Литмир - Электронная Библиотека

Это уж слишком, это мне не по силам. У меня голова кружится, кружится, как у овцы, когда она заболеет вертячкой и, верно, воображает, что ей нужно остановить головой лавину камней, несущуюся на нее с вершины горы.

Я сказала «да»… во всяком случае не сказала «нет» вчера, при всех родных, но ведь сердце мое вопияло: «Нет!» и тело тоже, — все существо мое… А ты не услышал! Господи боже, за что ты меня так наказуешь? Зачем разишь в самое больное место? Я их обоих поцеловала. Поцелуй этот все еще жжет мне губы.

Самуил, возлюбленный мой, я заранее отомстила за себя, я проливала черную злодейскую кровь, в уплату за кровоточащую рану души моей. Ведь я знала, что они придут к этому, что я тут бессильна, что волей-неволей я тебя потеряю.
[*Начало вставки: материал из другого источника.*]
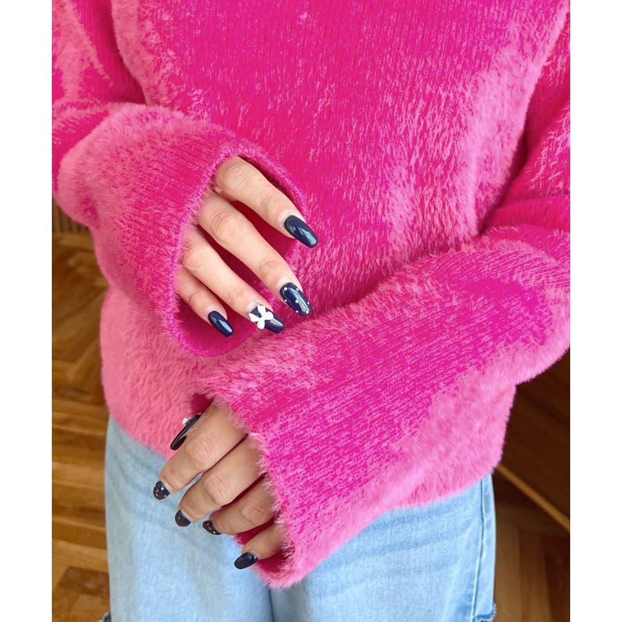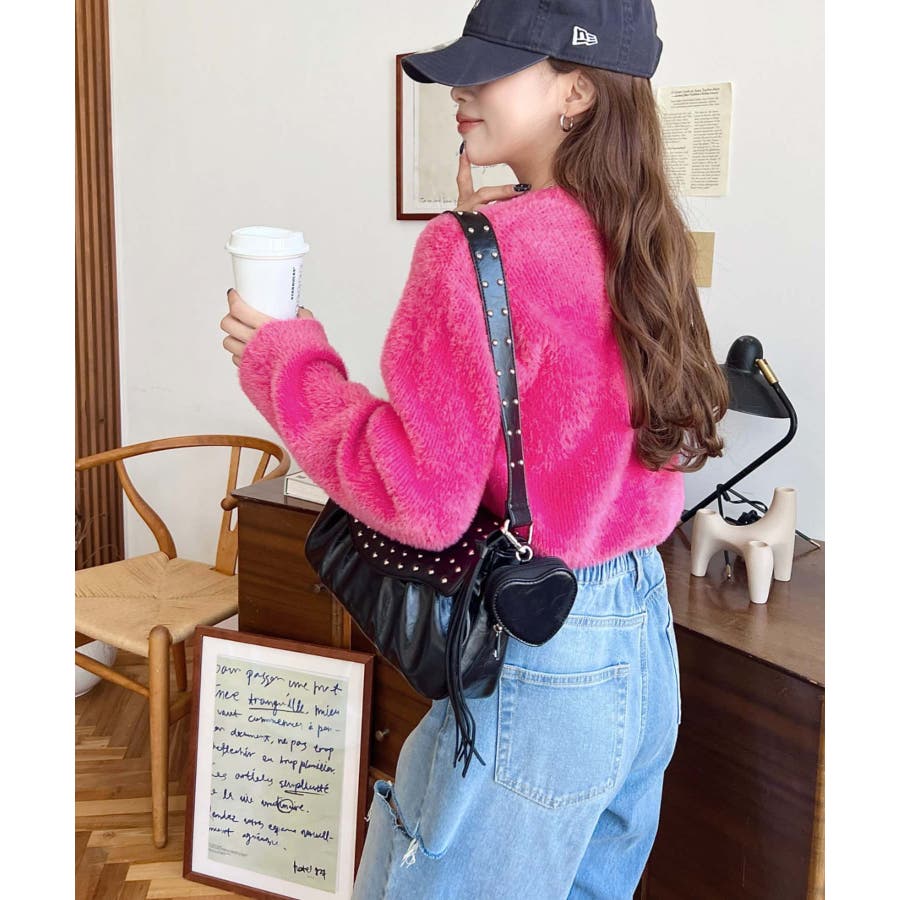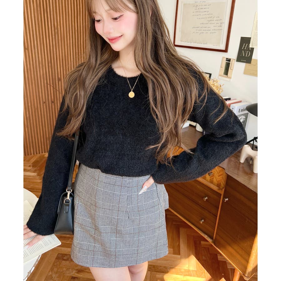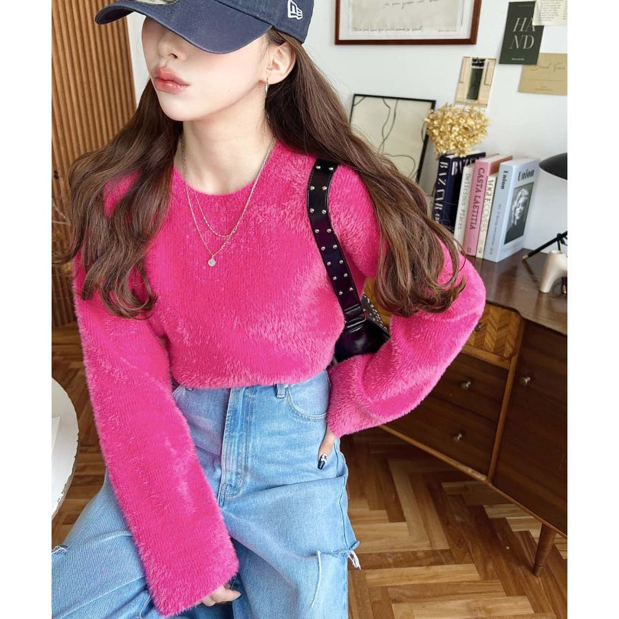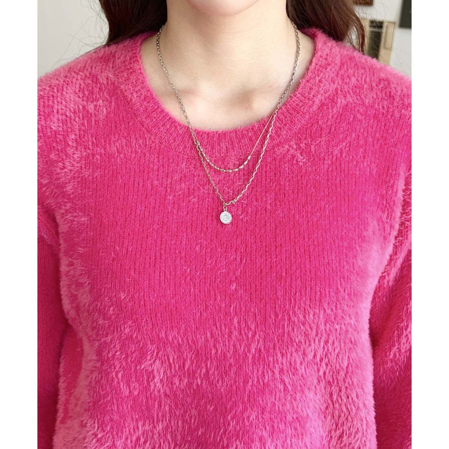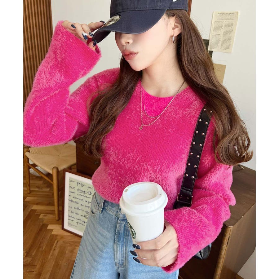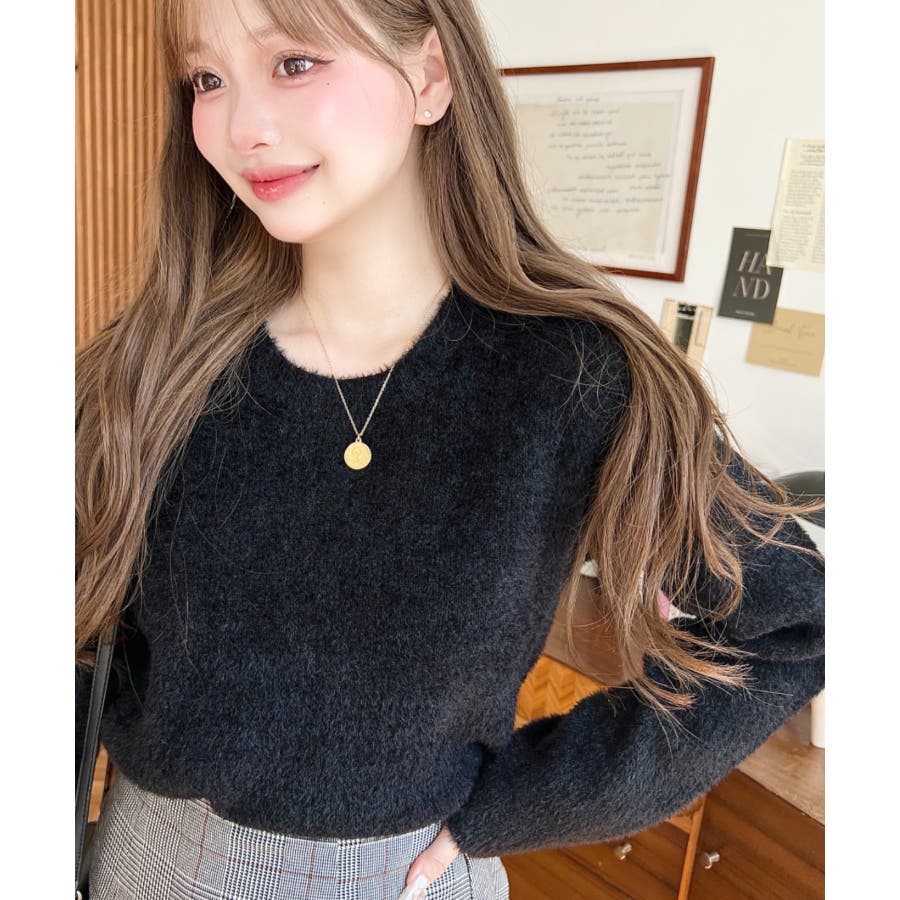 ・コモコのシャギーが柔らかく包み込むような着心地。クールネックとショート丈の組み合わせで軽やかに見え、ラフに着たときも自然に形がキープされます◎

Растерзали мне сердце за неплодие чрева моего. Перед своим отцом, перед матерью, перед моими и твоими близкими, перед своей сестрой, перед тобой я была совсем как перед тем капитаном, комендантом Праделя. Но не было возле меня бедняжки Птички-невелички, некому было солгать о лоне моем или же все уладить спасительной раной.

Зверь и нас всех сделал зверьми, и нас должно спаривать, как зверей, чтобы мы давали приплод. Да простит мне бог, но трудно мне возносить ему за это хвалы!
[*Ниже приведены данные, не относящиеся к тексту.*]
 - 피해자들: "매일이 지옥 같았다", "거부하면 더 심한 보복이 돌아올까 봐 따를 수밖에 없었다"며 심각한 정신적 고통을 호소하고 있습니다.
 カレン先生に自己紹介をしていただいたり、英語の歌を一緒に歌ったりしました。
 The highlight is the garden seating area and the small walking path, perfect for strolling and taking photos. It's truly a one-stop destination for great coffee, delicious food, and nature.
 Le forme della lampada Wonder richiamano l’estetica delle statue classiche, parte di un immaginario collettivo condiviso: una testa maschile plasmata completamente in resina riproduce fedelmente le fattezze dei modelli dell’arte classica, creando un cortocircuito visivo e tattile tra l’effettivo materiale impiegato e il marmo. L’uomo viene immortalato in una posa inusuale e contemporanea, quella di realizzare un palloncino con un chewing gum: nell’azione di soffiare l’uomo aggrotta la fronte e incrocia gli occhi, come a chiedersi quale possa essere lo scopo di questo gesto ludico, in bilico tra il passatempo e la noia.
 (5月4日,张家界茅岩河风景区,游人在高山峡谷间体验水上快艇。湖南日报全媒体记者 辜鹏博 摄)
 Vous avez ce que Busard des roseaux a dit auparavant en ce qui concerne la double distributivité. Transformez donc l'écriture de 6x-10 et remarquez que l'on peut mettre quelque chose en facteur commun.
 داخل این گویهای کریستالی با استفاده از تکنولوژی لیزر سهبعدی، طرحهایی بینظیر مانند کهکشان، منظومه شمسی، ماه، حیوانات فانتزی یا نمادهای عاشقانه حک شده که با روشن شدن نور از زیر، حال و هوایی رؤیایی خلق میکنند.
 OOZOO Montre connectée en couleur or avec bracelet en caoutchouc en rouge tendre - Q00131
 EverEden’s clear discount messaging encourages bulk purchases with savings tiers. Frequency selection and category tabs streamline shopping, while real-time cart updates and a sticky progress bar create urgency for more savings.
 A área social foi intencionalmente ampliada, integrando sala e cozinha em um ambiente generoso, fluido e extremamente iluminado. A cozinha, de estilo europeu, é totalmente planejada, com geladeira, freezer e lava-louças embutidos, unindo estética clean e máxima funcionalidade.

Нет, нет, это, поди, кощунство. Я недостойная твоя слуга, господи, будь милостив ко мне, не гневайся за то, что я бестолкова, туго да медленно понимаю. Ведь говорили же мне, что надо все кинуть, чтобы взойти на небо, и прежде всего отбросить самое дорогое, — оно-то и тянет к земле.

И еще я оторвала кусок от сердца своего, Самуил, когда погиб добрый наш Пеладан. Я знаю, любимый мой, какие слова ты тогда говорил, как старался спасти его. Все равно, для нас обоих, для тебя еще больше, чем для меня, он был сокровищем благим, крепко тянувшим нас к земле, и больно, ах, больно мне было, как будто вонзили мне нож в живое тело.

Как я хотела, чтобы тебя миновало мученье это, бедненький мой, но так уж судил господь, и ведь это еще не конец! До чего ж высоко на небо взбираться, и какой дорогой ценой люди попадают в царство небесное!

А ведь я так и не сказала тебе кое-что, возлюбленный мой! Когда ранили тебя в Темном ущелье, я за тобой ходила, тебе налили в рану крепкой водки, ты сомлел и потому не знаешь, а я не хотела тебе рассказывать, что пуля-то вышла из спины, и была та пуля серебряная. Видишь, всегда все оборачивается против нас.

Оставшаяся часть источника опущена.